____ DATA TO USE

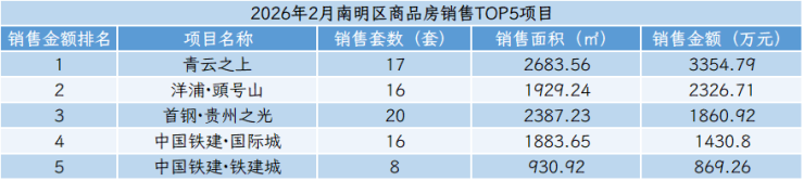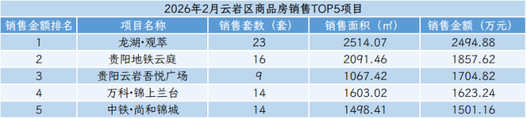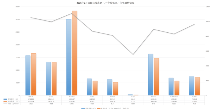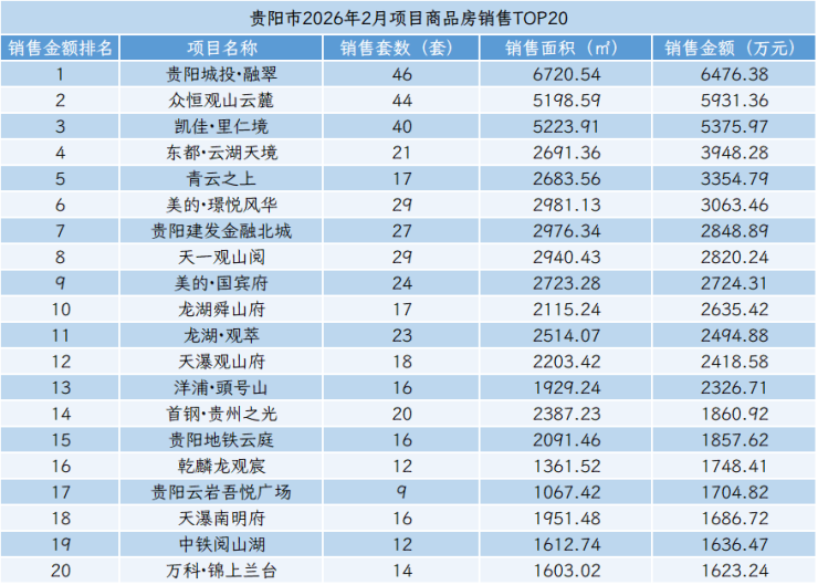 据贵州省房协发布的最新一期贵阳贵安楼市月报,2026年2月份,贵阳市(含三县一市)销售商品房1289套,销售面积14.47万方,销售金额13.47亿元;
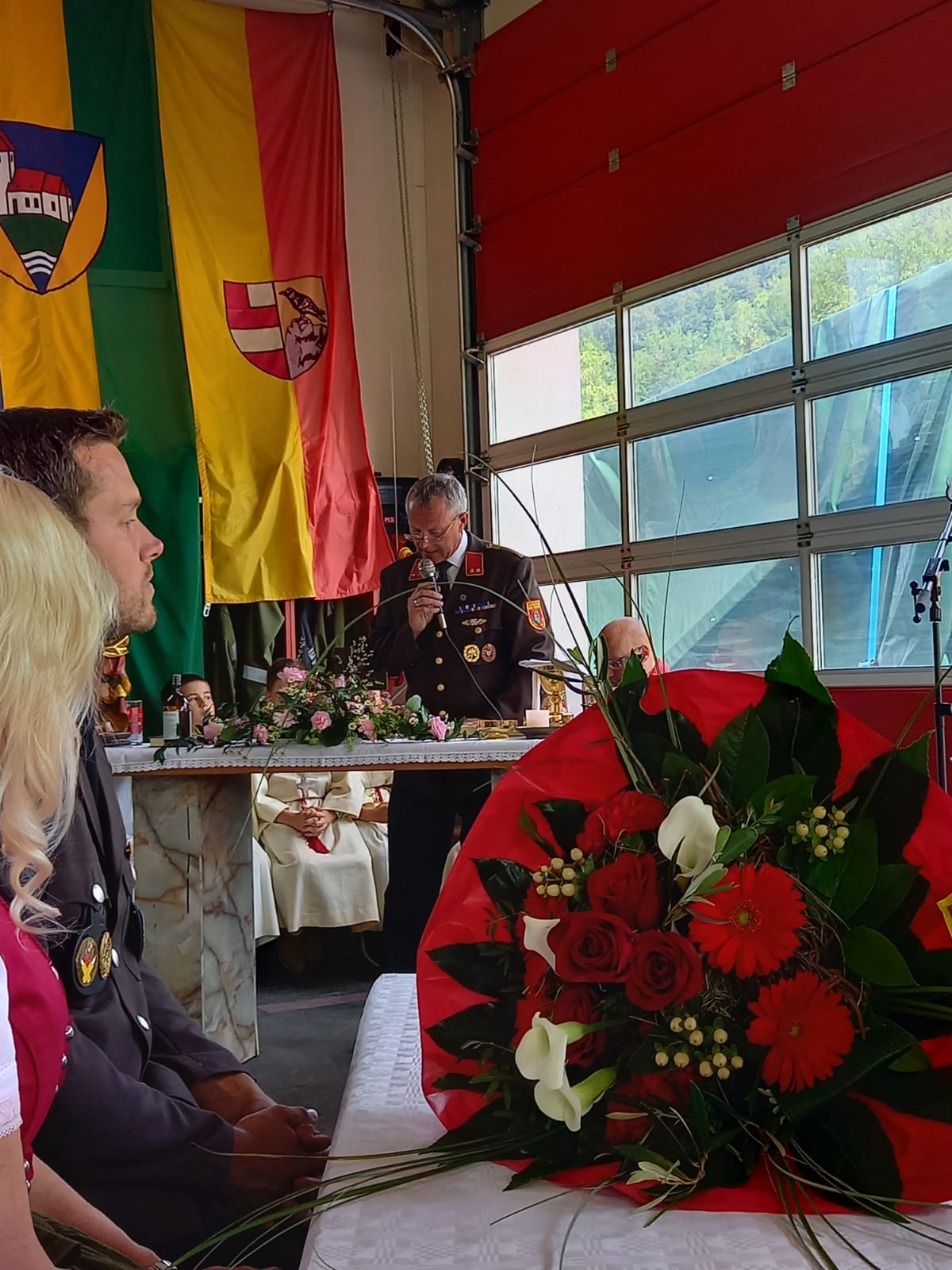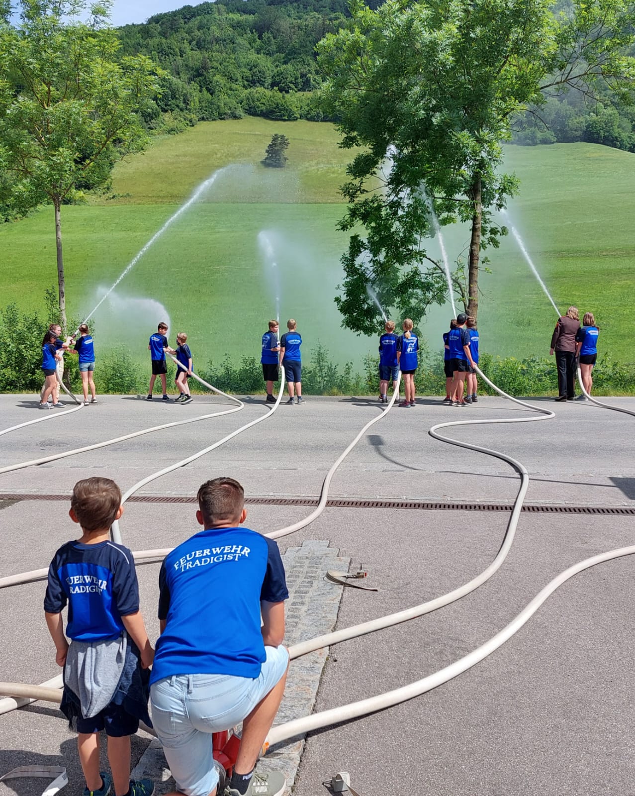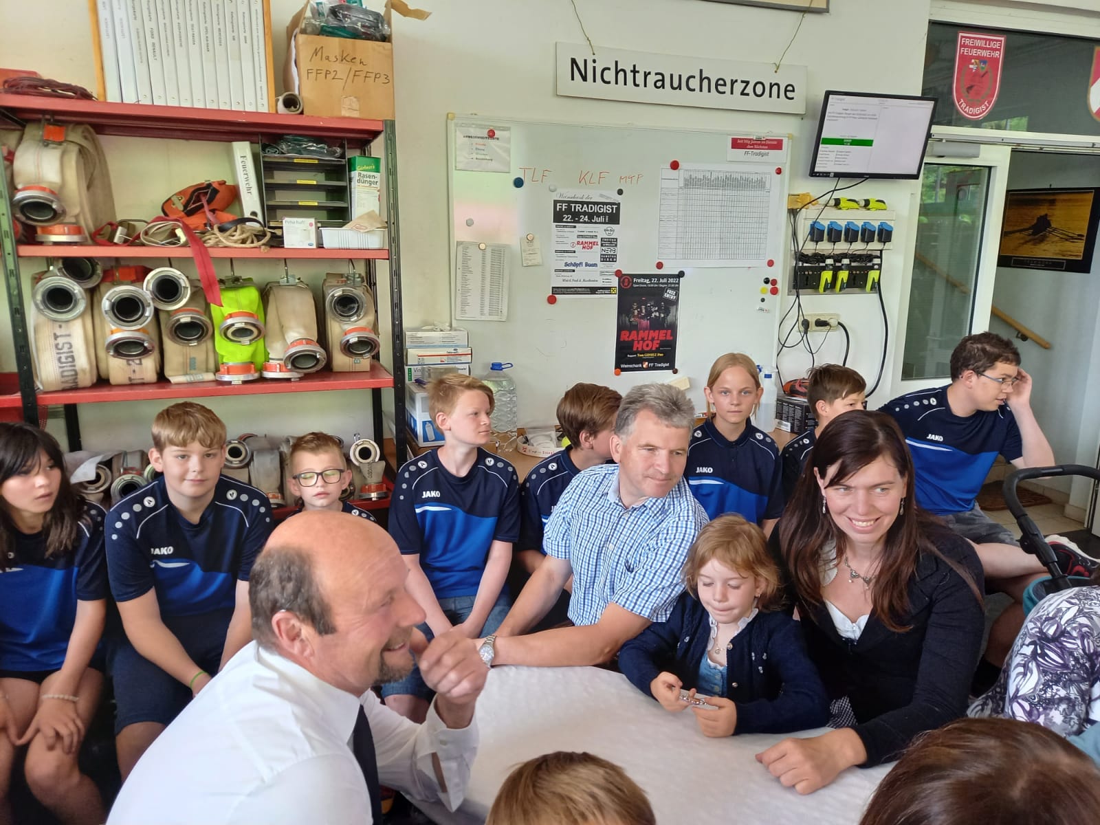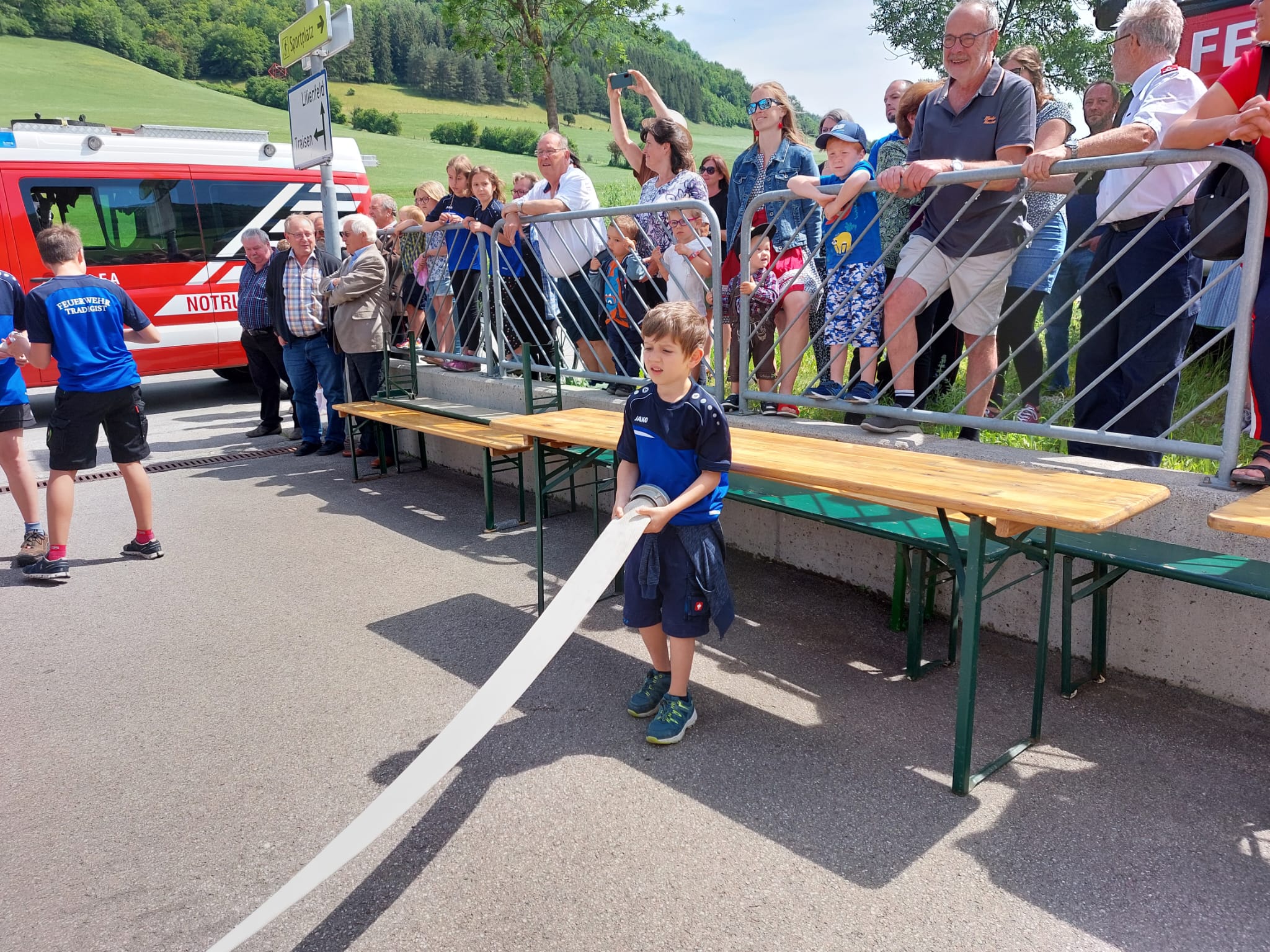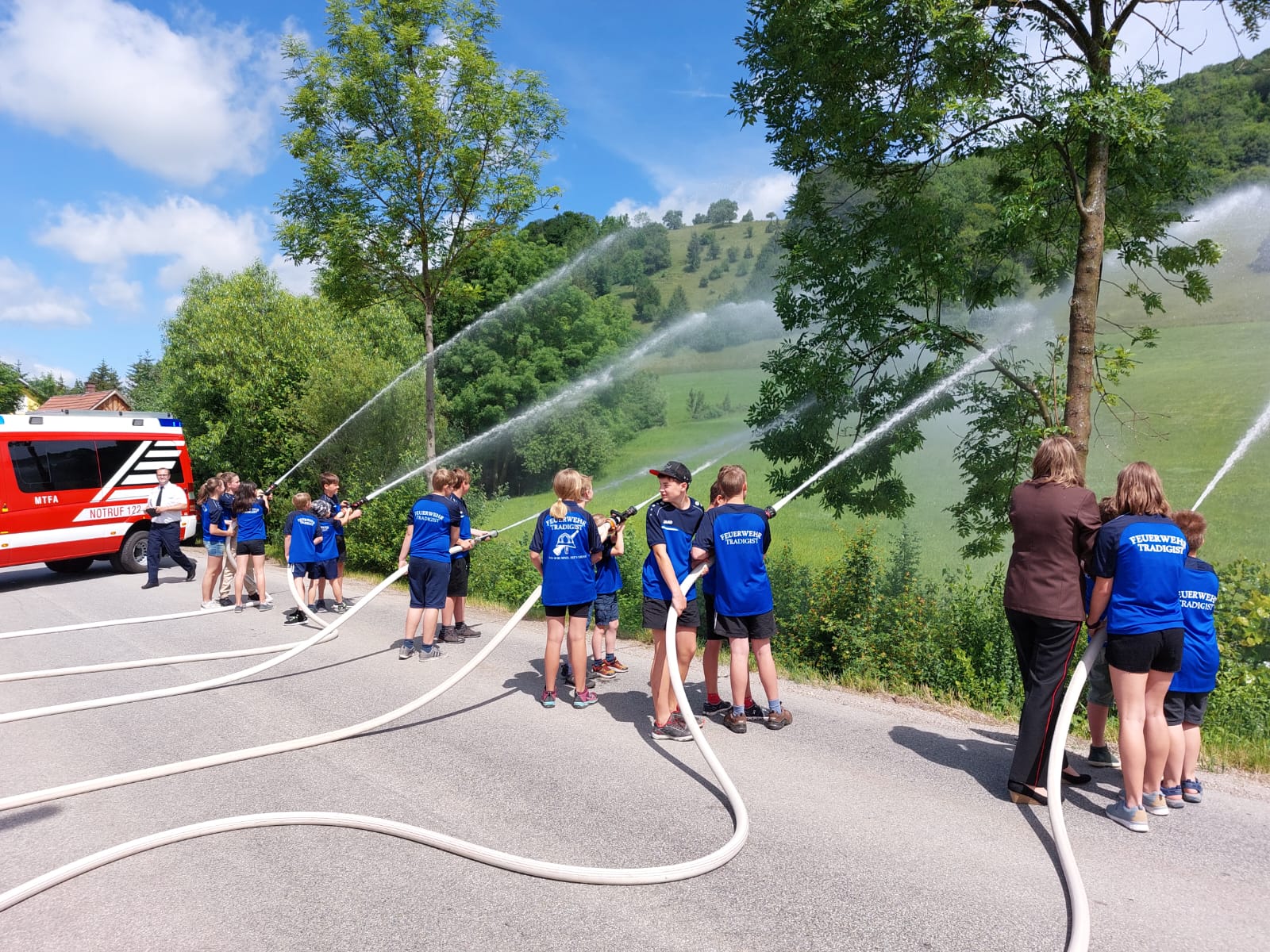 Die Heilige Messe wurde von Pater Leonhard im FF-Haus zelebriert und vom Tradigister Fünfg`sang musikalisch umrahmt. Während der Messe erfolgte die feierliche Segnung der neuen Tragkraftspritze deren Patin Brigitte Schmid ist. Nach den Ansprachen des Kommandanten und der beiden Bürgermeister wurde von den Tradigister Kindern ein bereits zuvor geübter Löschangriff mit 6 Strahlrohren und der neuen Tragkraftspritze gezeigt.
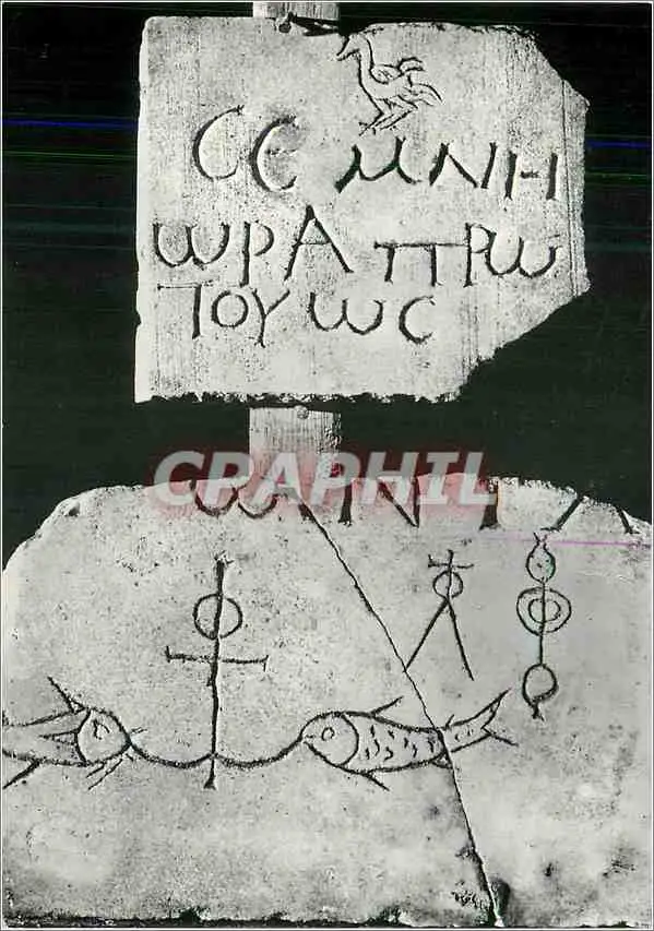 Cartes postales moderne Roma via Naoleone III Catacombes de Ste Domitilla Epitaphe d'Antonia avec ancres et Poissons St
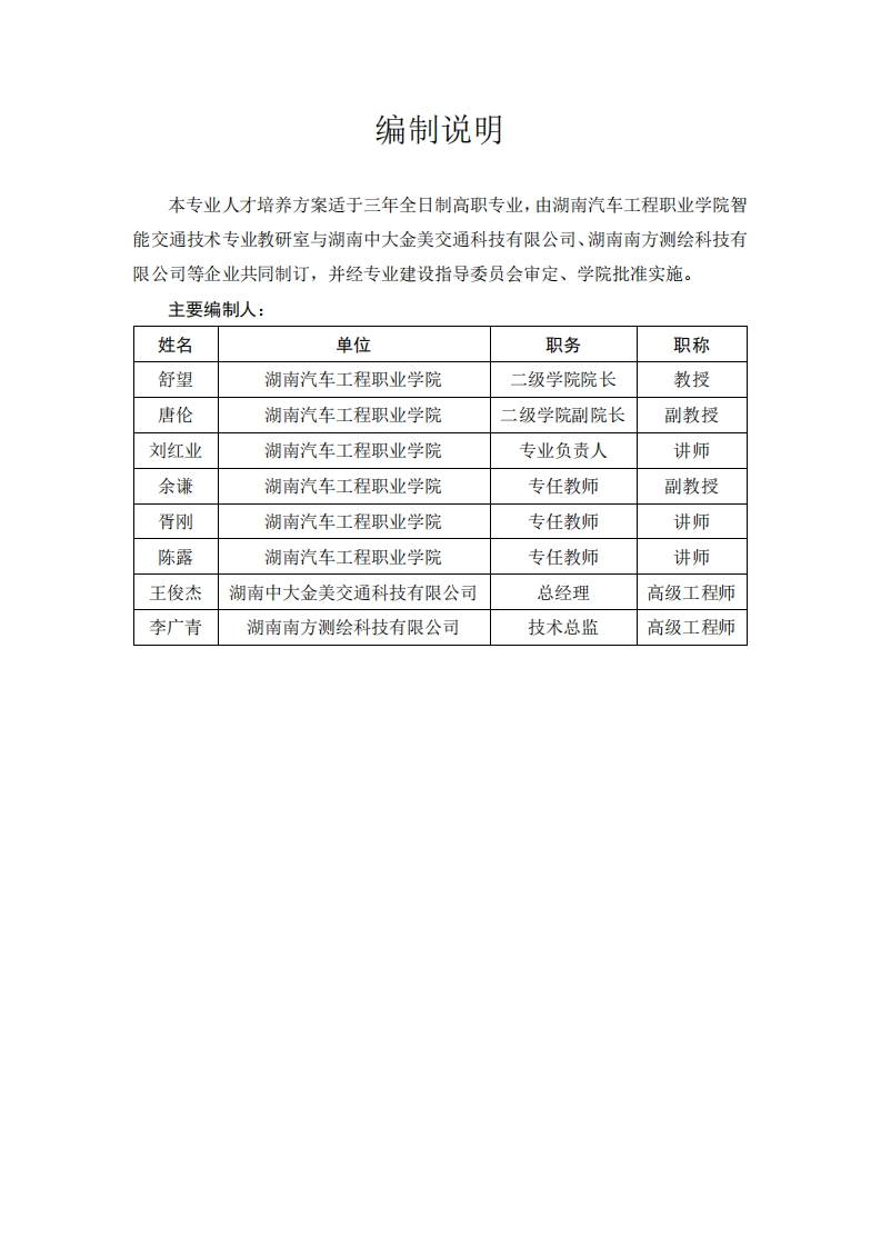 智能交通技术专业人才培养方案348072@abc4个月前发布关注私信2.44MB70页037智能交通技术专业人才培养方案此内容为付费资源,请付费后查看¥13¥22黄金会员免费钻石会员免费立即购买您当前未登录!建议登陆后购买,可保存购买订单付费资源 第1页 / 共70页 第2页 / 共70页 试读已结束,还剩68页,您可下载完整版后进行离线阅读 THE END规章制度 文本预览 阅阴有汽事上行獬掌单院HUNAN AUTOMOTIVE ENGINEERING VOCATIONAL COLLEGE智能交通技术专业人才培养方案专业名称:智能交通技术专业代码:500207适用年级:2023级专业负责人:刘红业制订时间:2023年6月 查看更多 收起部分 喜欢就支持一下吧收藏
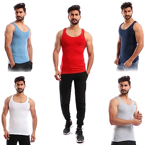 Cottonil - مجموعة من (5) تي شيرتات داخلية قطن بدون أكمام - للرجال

________

* TRY IT: The response must match the data line for line, from its first line through the line with "Cartes postales moderne", inclusive, and must leave out the pictures.

* ANSWER TO THIS TASK:
 据贵州省房协发布的最新一期贵阳贵安楼市月报,2026年2月份,贵阳市(含三县一市)销售商品房1289套,销售面积14.47万方,销售金额13.47亿元;
 Die Heilige Messe wurde von Pater Leonhard im FF-Haus zelebriert und vom Tradigister Fünfg`sang musikalisch umrahmt. Während der Messe erfolgte die feierliche Segnung der neuen Tragkraftspritze deren Patin Brigitte Schmid ist. Nach den Ansprachen des Kommandanten und der beiden Bürgermeister wurde von den Tradigister Kindern ein bereits zuvor geübter Löschangriff mit 6 Strahlrohren und der neuen Tragkraftspritze gezeigt.
 Cartes postales moderne Roma via Naoleone III Catacombes de Ste Domitilla Epitaphe d'Antonia avec ancres et Poissons St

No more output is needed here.